((

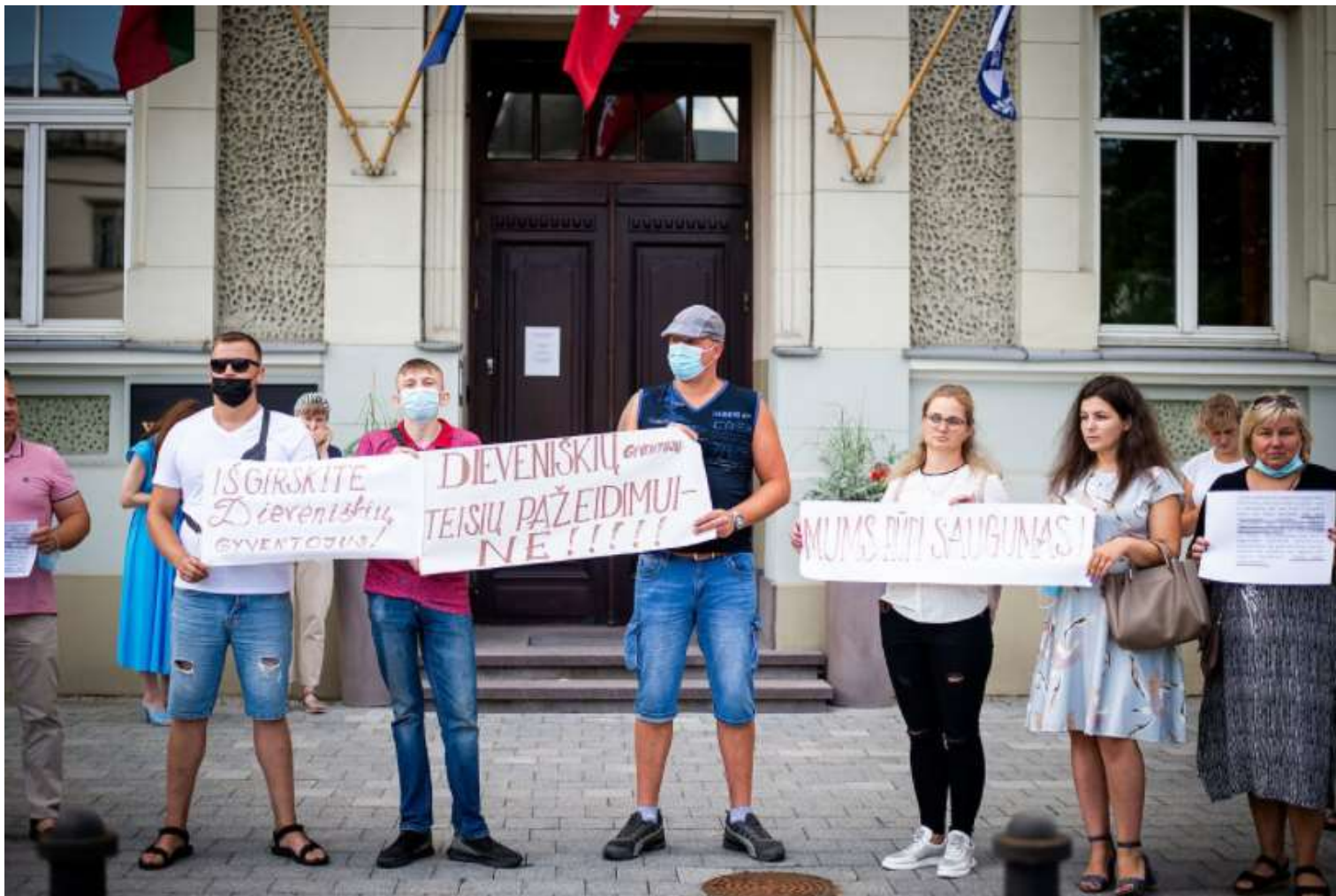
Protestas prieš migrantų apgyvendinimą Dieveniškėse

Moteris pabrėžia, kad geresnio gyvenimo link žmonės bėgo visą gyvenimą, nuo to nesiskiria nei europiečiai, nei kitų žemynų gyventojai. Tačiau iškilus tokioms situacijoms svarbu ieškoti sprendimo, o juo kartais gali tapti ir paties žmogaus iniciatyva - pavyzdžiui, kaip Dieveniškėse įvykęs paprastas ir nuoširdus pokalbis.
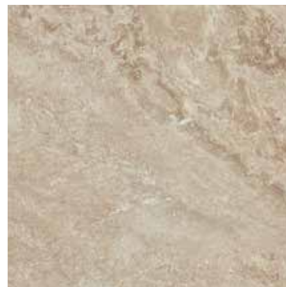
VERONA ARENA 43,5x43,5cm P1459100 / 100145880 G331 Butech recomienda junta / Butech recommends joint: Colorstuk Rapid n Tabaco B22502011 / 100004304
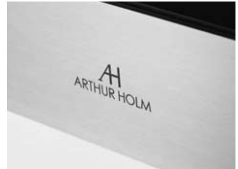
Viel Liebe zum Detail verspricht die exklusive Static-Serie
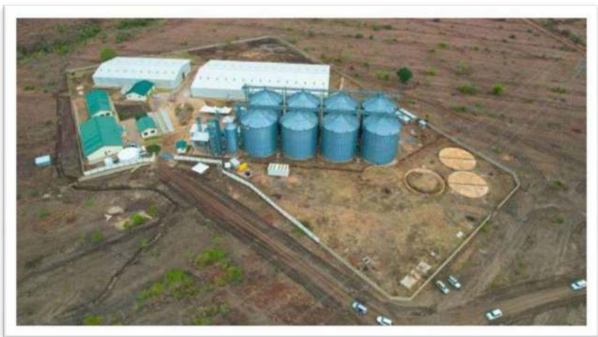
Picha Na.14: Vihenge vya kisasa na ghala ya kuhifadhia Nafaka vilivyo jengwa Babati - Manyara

))

### WORK TO BE COMPLETED
For this exercise, output the records exactly but omit their pictures.

### TASK ANSWER
Protestas prieš migrantų apgyvendinimą Dieveniškėse

Moteris pabrėžia, kad geresnio gyvenimo link žmonės bėgo visą gyvenimą, nuo to nesiskiria nei europiečiai, nei kitų žemynų gyventojai. Tačiau iškilus tokioms situacijoms svarbu ieškoti sprendimo, o juo kartais gali tapti ir paties žmogaus iniciatyva - pavyzdžiui, kaip Dieveniškėse įvykęs paprastas ir nuoširdus pokalbis.
VERONA ARENA 43,5x43,5cm P1459100 / 100145880 G331 Butech recomienda junta / Butech recommends joint: Colorstuk Rapid n Tabaco B22502011 / 100004304
Viel Liebe zum Detail verspricht die exklusive Static-Serie
Picha Na.14: Vihenge vya kisasa na ghala ya kuhifadhia Nafaka vilivyo jengwa Babati - Manyara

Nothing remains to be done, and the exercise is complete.